### YOUR TASK
Among the lines below, the one containing "Cum-thirsty brunette Lexi" opens the range and the one containing "그리고 버터는 전자렌지에" closes it. Print that range exactly, without the pictures.

### Records from a data source
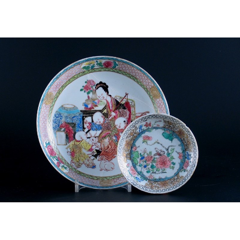 A Chinese famille rose saucer dish, painted with a mother, three children, a hare and a deer together with a saucer. Both damaged. Both Yongzheng 1723-35, 19.5cm. (2)
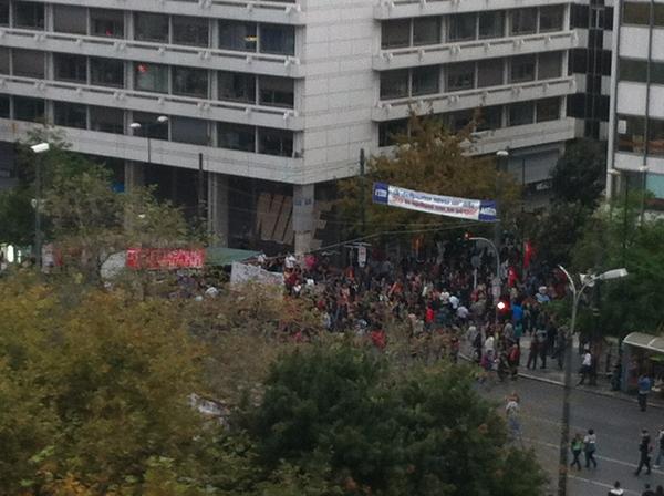 Το ΠΑΜΕ υποχώρησε προς τη Φιλελλήνων και οι άλλοι διαδηλωτές υποχώρησαν από την Αμαλίας. ΜΑΤ βρίσκονται παντού.
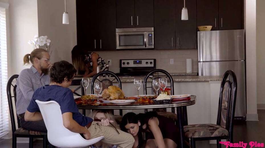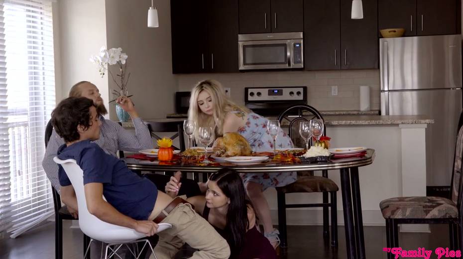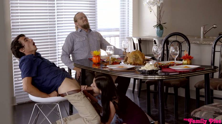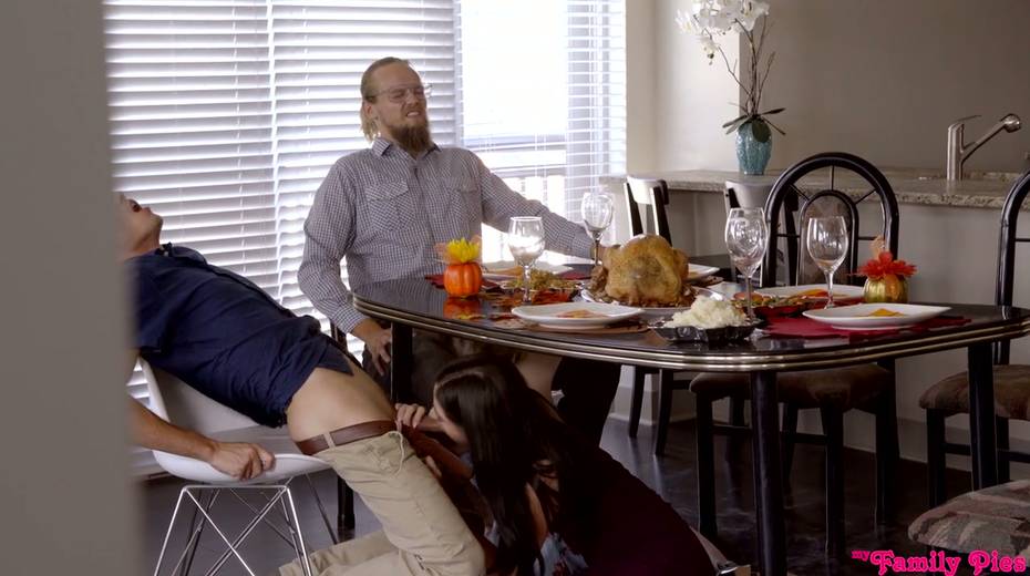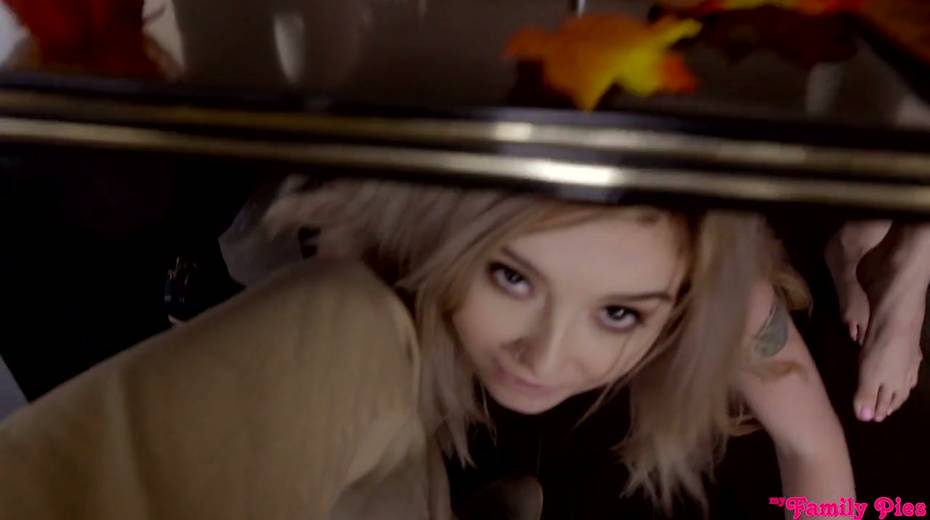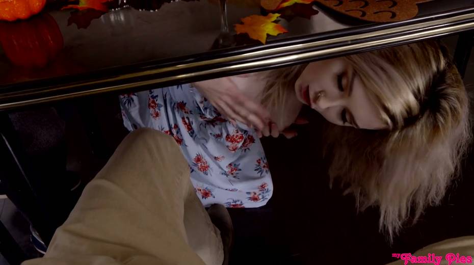 Cum-thirsty brunette Lexi Lore gives a great blowjob under the table
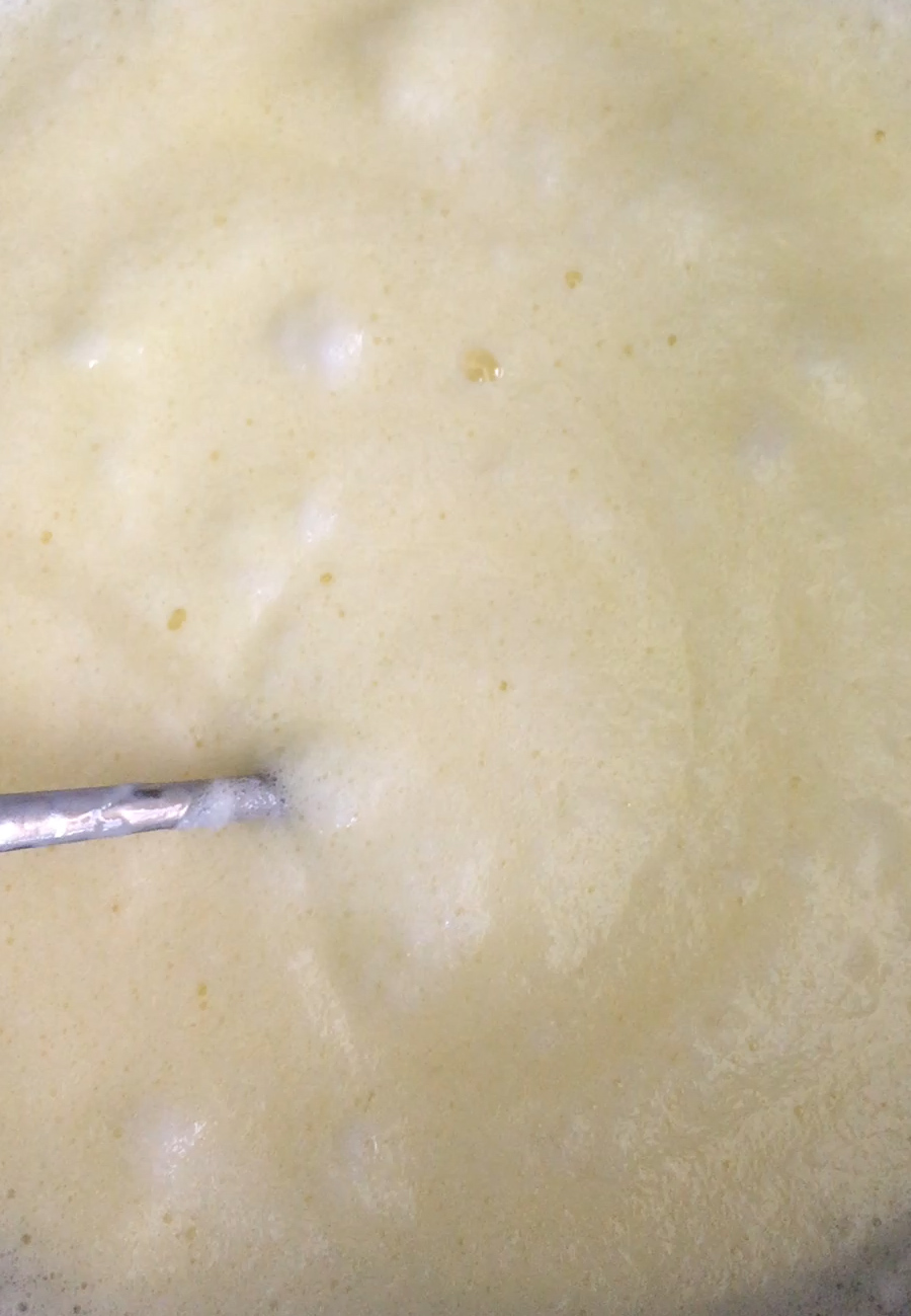 그리고 버터는 전자렌지에 살짝 돌리거나 중탕으로 녹여서 준비하구요. 노른자 힌자를 섞고 핫케이크 가루와 버터 녹인 것을 같이 섞어 줍니다. 우유도 이 때 같이 넣어주면 되는데요. 우유는 농도를 봐가면서 섞어주세요. 농도가 막 주루룩 흐르면 제대로 부풀어오르지 못할 거구요. 반죽이 너무 단단해도 그럴 거예요. 저는 숟가락으로 떠 올려서 쏟으면 천천히 떨어지는 정도로 했습니다. 흐르긴 하지만 많이 된 상태예요. 요것보다 아주 조금 더 묽어도 될 거 같은데, 건드리면 망할까봐 여기서 멈췄어요.^^
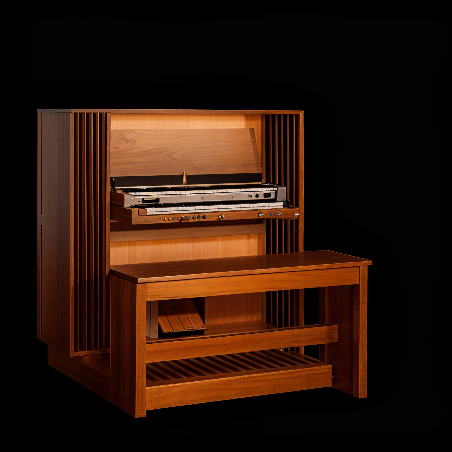 update organ console pedals and bench to glossy black update both keyboards 1 and 2 only white keys of organ console to oak

### TASK SOLUTION
 Cum-thirsty brunette Lexi Lore gives a great blowjob under the table
 그리고 버터는 전자렌지에 살짝 돌리거나 중탕으로 녹여서 준비하구요. 노른자 힌자를 섞고 핫케이크 가루와 버터 녹인 것을 같이 섞어 줍니다. 우유도 이 때 같이 넣어주면 되는데요. 우유는 농도를 봐가면서 섞어주세요. 농도가 막 주루룩 흐르면 제대로 부풀어오르지 못할 거구요. 반죽이 너무 단단해도 그럴 거예요. 저는 숟가락으로 떠 올려서 쏟으면 천천히 떨어지는 정도로 했습니다. 흐르긴 하지만 많이 된 상태예요. 요것보다 아주 조금 더 묽어도 될 거 같은데, 건드리면 망할까봐 여기서 멈췄어요.^^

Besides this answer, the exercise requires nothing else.